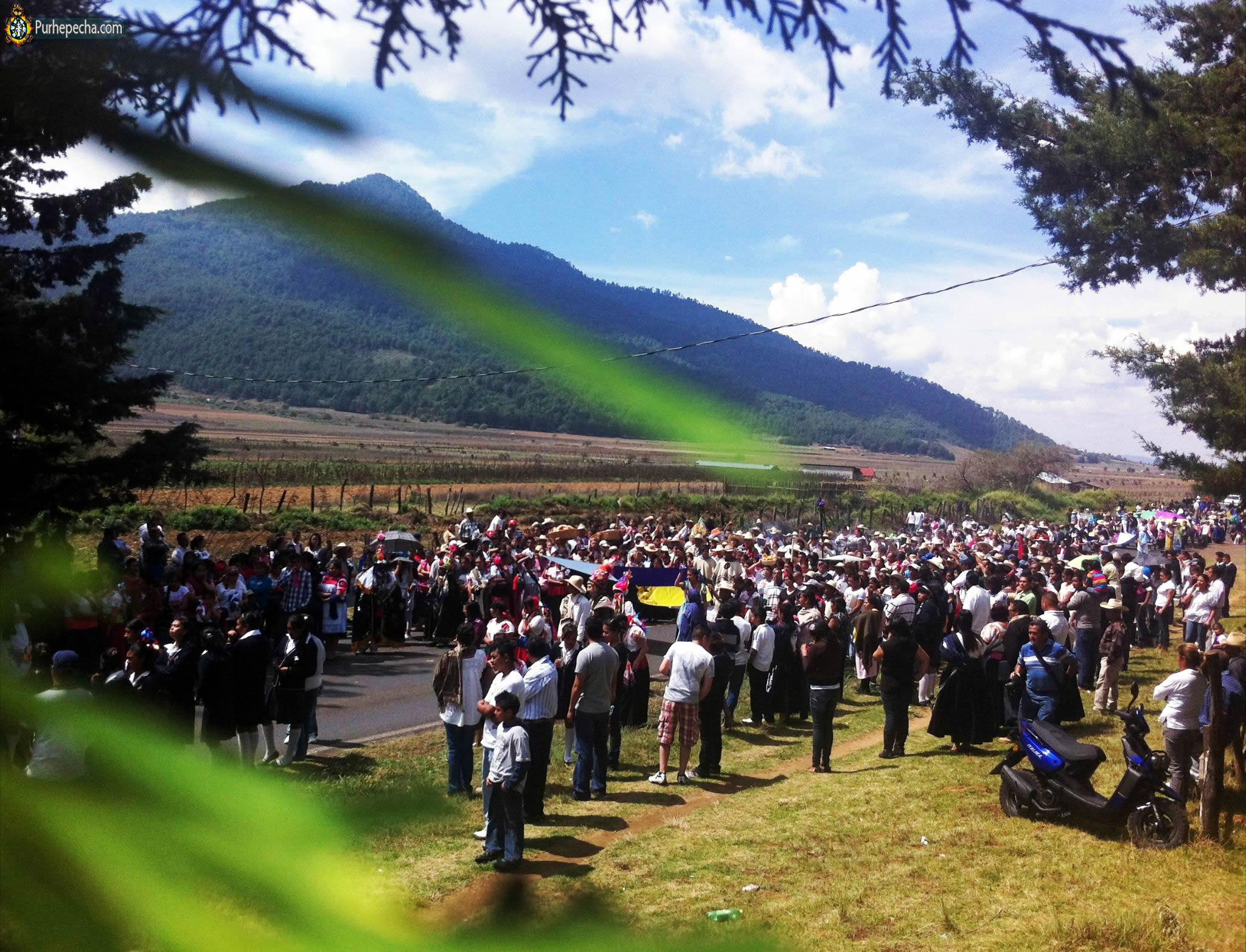 Una presencia que no pasó desapercibida fue la de niñas y niños, jóvenes y señoritas de las diversas escuelas que uniformados, con sus banderines y banderas P’urhepécha hicieron acto de presencia y caminaron bajo Tatá Jurhíata, al lado de sus maestras y maestros. Muchos pequeños con sus trajes de la danza de los Soldaditos, bellamente ataviados. Llama la atención la cantidad de matrimonios muy jóvenes llevando a sus pequeños con sus trajes, muy orgullosos de mostrarse con tanta dignidad, iurhítskiris de Turícuaro estudiantes del CEBETA de Nahuatzen, en fin...
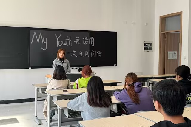 为推动社团内部建设,促进社团长效发展,增进社员间的交流与合作意识,提高社员的参与度和归属感,加强社团与外界的联系,提高社团知名度,为同学们营造一个生动有趣的英语学习环境,My Youth英语角社团于2024年10月25日在博学楼107举办了My Youth英语角第一次社团例会。
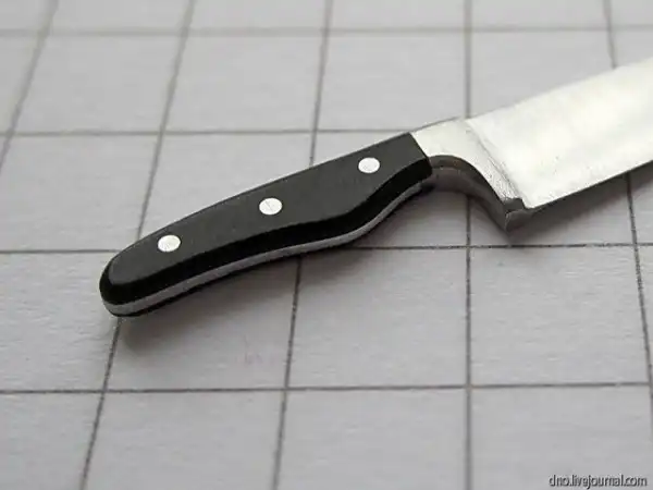 При креплении рукоятки к ножу клей я не использовал – три заклёпки держат пластмассовые накладки достаточно прочно. В конце концов, на кукольной кухне ножу с такой рукояткой сносу нет, если что!
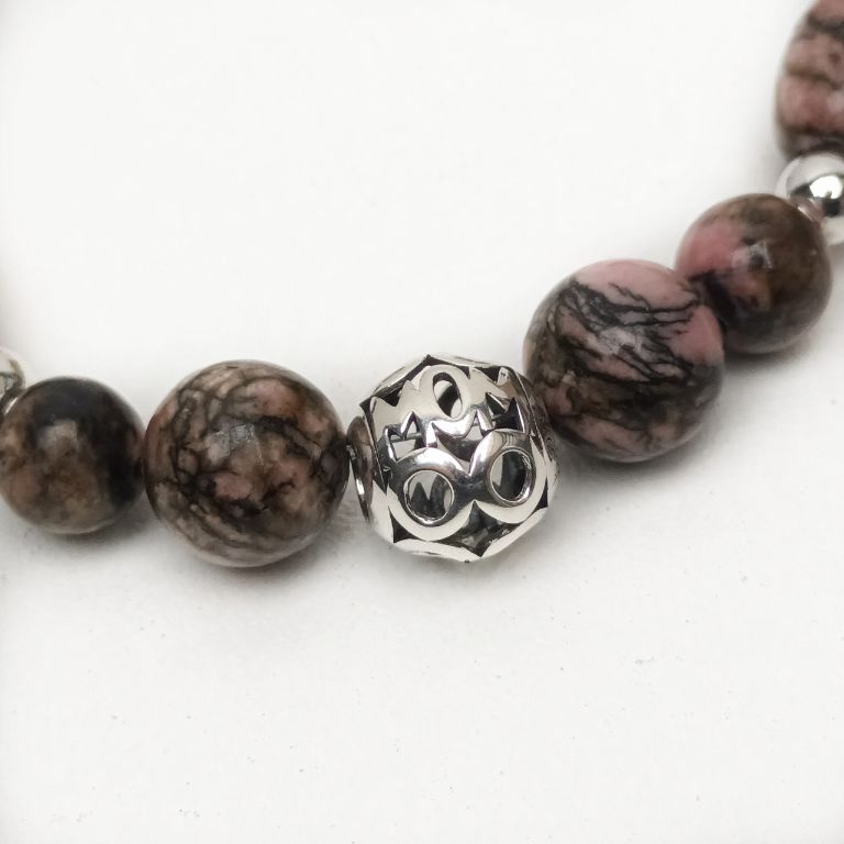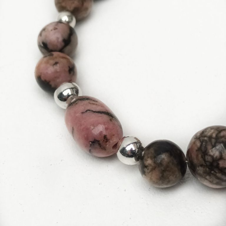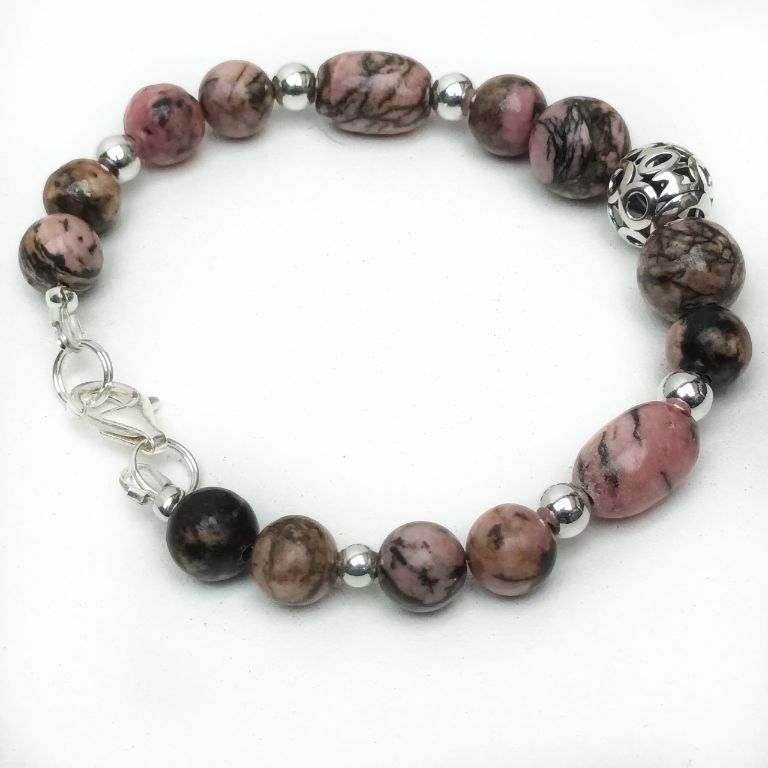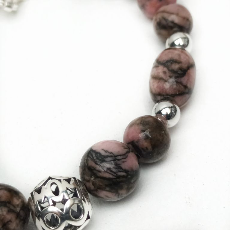 Luxe, handgemaakte armband van rhodoniet en STERLING ZILVER 925 kralen en slotje.
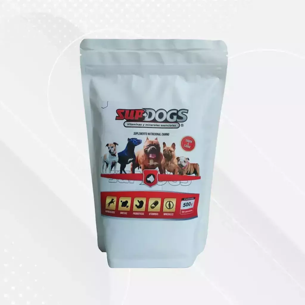 El Suplemento Nutricional Supdogs es una fórmula integral que combina 25 nutrientes esenciales, incluyendo vitaminas, minerales, antioxidantes, probióticos, aminoácidos, glucosamina y otros oligoelementos, diseñada específicamente para apoyar la salud y el bienestar de tu perro.
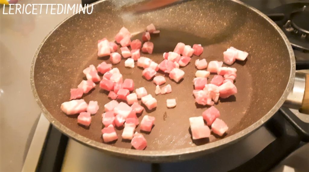 • In a non-stick pan, brown the smoked bacon until cooked without adding any other fats. It will take a few minutes.
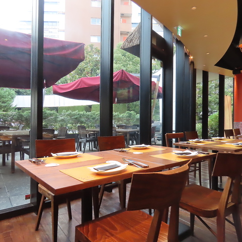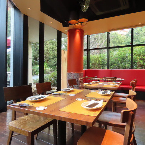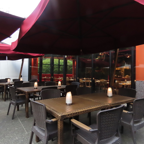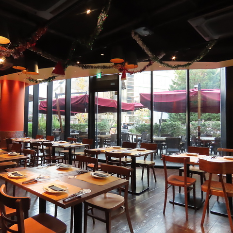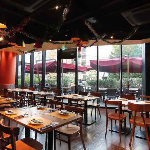 夜になると綺麗にライトアップされ、雰囲気がグッとおしゃれになり、テラス席でちょっと一杯にはもってこい☆一面大きなガラス窓で店内外、どちらから見ても開放感が溢れます♪
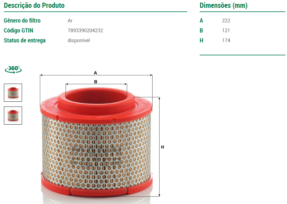 44177 - FILTRO AR FORD RANGER 2.5 MAXION 2.8 POWER STROKE 01/06
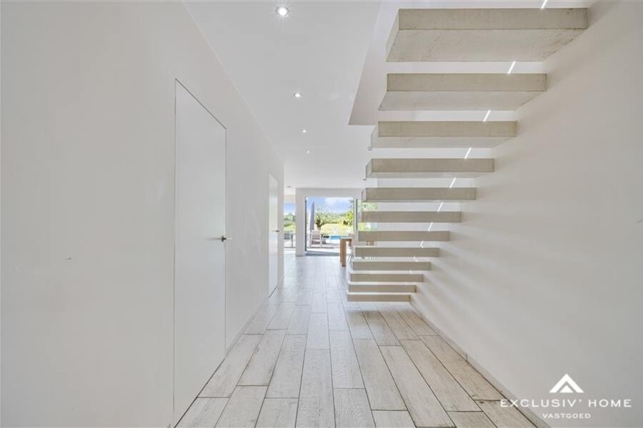 Construite avec des matériaux de haute qualité et des techniques de pointe, cette villa moderne a été finie dans les moindres détails. Grâce à une architecture bien pensée — une façade avant fermée en contraste avec une façade arrière ouverte et vitrée — la lumière naturelle inonde chaque espace de vie et crée un lien harmonieux avec la nature environnante.
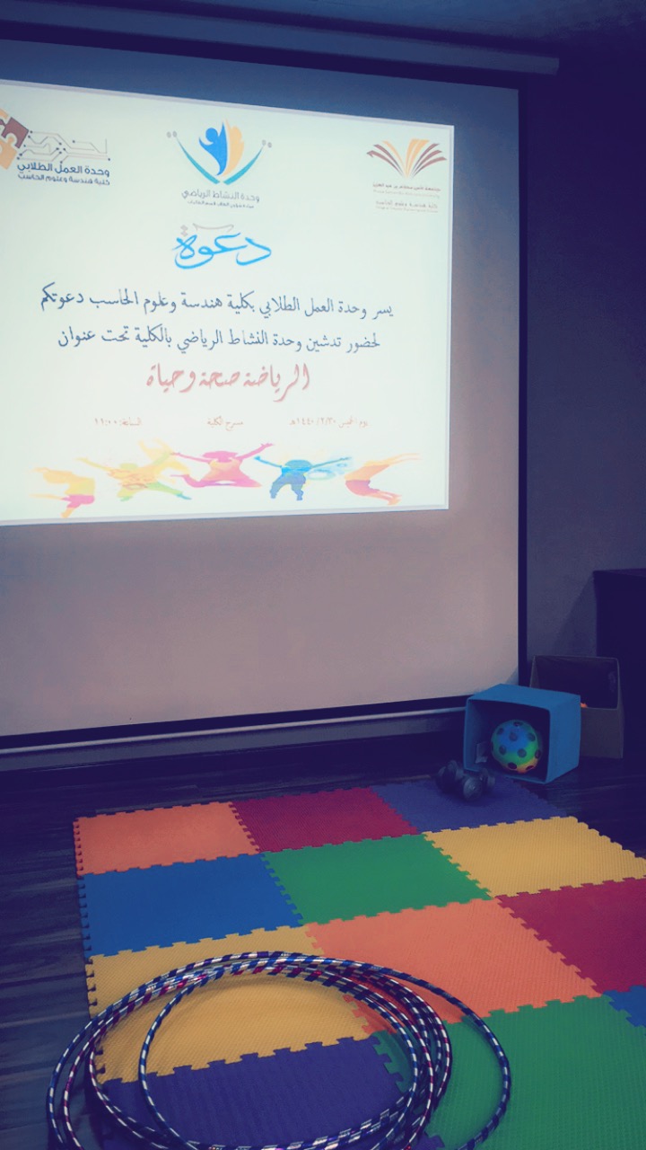 نظمت وحدة العمل الطلابي حفل تدشين النشاط الرياضي بكلية هندسة وعلوم الحاسب شطر الطالبات يوم الخميس 30 صفر 1440 هـ الموافق 8 نوفمبر 2018 م في مسرح الكلية وذلك بحضور مديرة الإدارة الاستاذة الهنوف الشغرود نيابة عن وكيلة الكلية و عدد من أعضاء هيئة التدريس والموظفات وطالبات الكلية.

● **Exercise description**: In the records above, find the line with "a few minutes." and the line with "44177 - FILTRO"; please transcribe exactly those two lines and all lines between them, omitting any picture.

● **Solution**:
 • In a non-stick pan, brown the smoked bacon until cooked without adding any other fats. It will take a few minutes.
 夜になると綺麗にライトアップされ、雰囲気がグッとおしゃれになり、テラス席でちょっと一杯にはもってこい☆一面大きなガラス窓で店内外、どちらから見ても開放感が溢れます♪
 44177 - FILTRO AR FORD RANGER 2.5 MAXION 2.8 POWER STROKE 01/06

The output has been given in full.